**Problem statement**.
Please, without any pictures, transcribe the lines from the one holding "再来讲一条杀伤力更强的命令─" to the end of the listing, both ends included.

**Exercise data**.
-.-.-
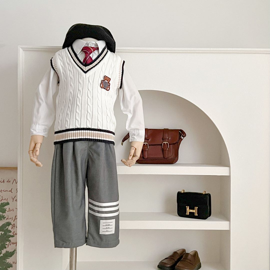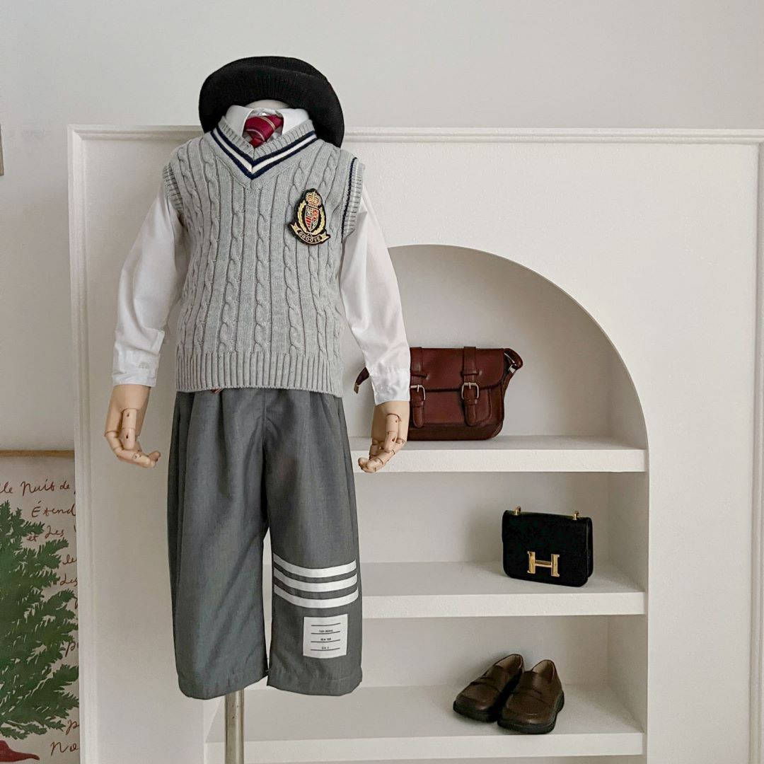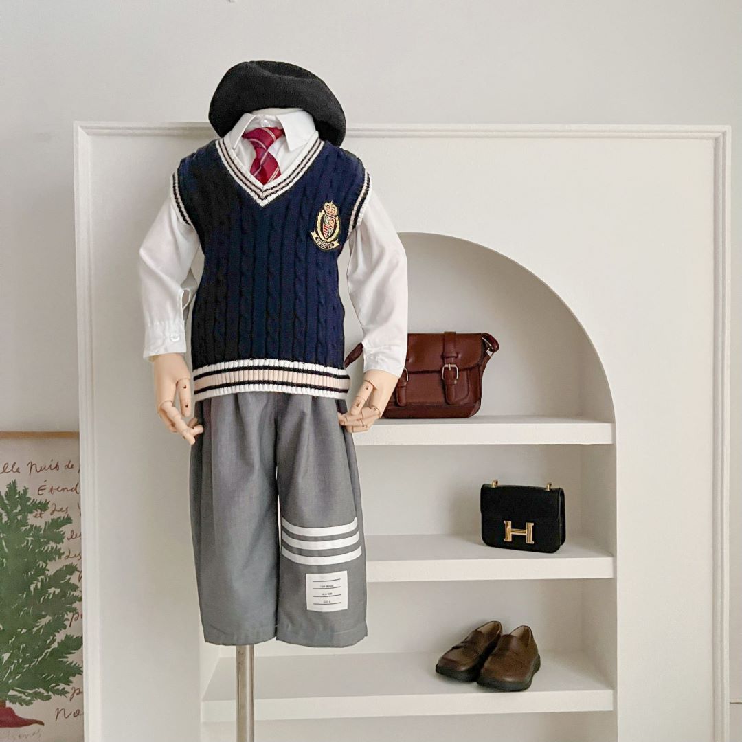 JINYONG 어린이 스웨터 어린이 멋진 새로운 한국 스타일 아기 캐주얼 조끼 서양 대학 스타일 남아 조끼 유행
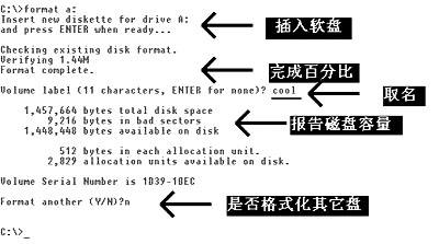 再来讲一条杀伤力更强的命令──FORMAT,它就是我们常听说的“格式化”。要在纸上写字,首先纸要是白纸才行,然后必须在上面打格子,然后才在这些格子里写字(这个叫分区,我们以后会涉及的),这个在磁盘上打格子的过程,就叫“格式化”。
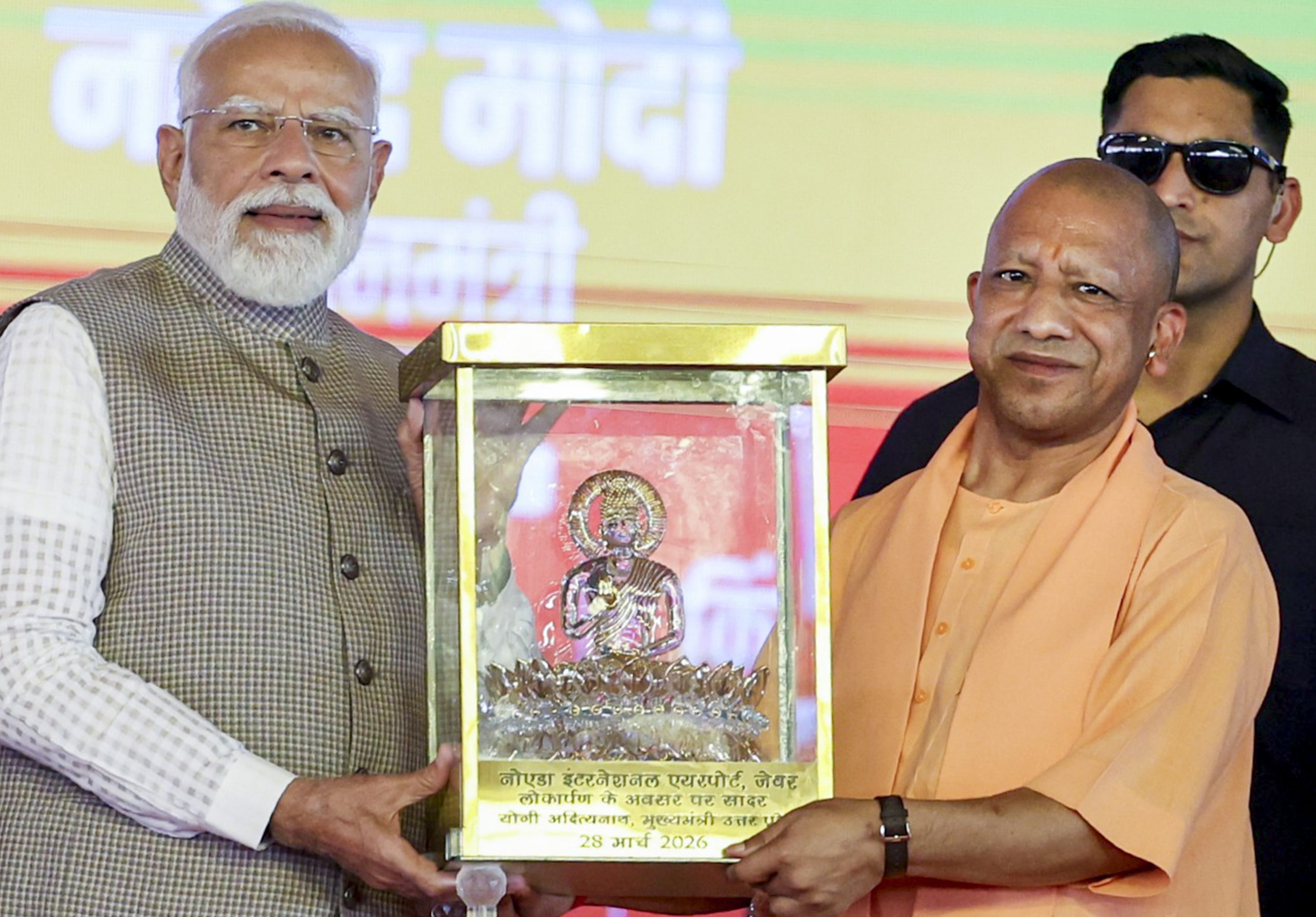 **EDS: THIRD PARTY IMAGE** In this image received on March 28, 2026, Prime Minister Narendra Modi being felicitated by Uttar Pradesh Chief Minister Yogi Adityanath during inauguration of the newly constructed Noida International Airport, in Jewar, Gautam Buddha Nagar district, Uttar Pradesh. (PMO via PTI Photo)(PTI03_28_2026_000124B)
-.-.-
**Solution**.
 再来讲一条杀伤力更强的命令──FORMAT,它就是我们常听说的“格式化”。要在纸上写字,首先纸要是白纸才行,然后必须在上面打格子,然后才在这些格子里写字(这个叫分区,我们以后会涉及的),这个在磁盘上打格子的过程,就叫“格式化”。
 **EDS: THIRD PARTY IMAGE** In this image received on March 28, 2026, Prime Minister Narendra Modi being felicitated by Uttar Pradesh Chief Minister Yogi Adityanath during inauguration of the newly constructed Noida International Airport, in Jewar, Gautam Buddha Nagar district, Uttar Pradesh. (PMO via PTI Photo)(PTI03_28_2026_000124B)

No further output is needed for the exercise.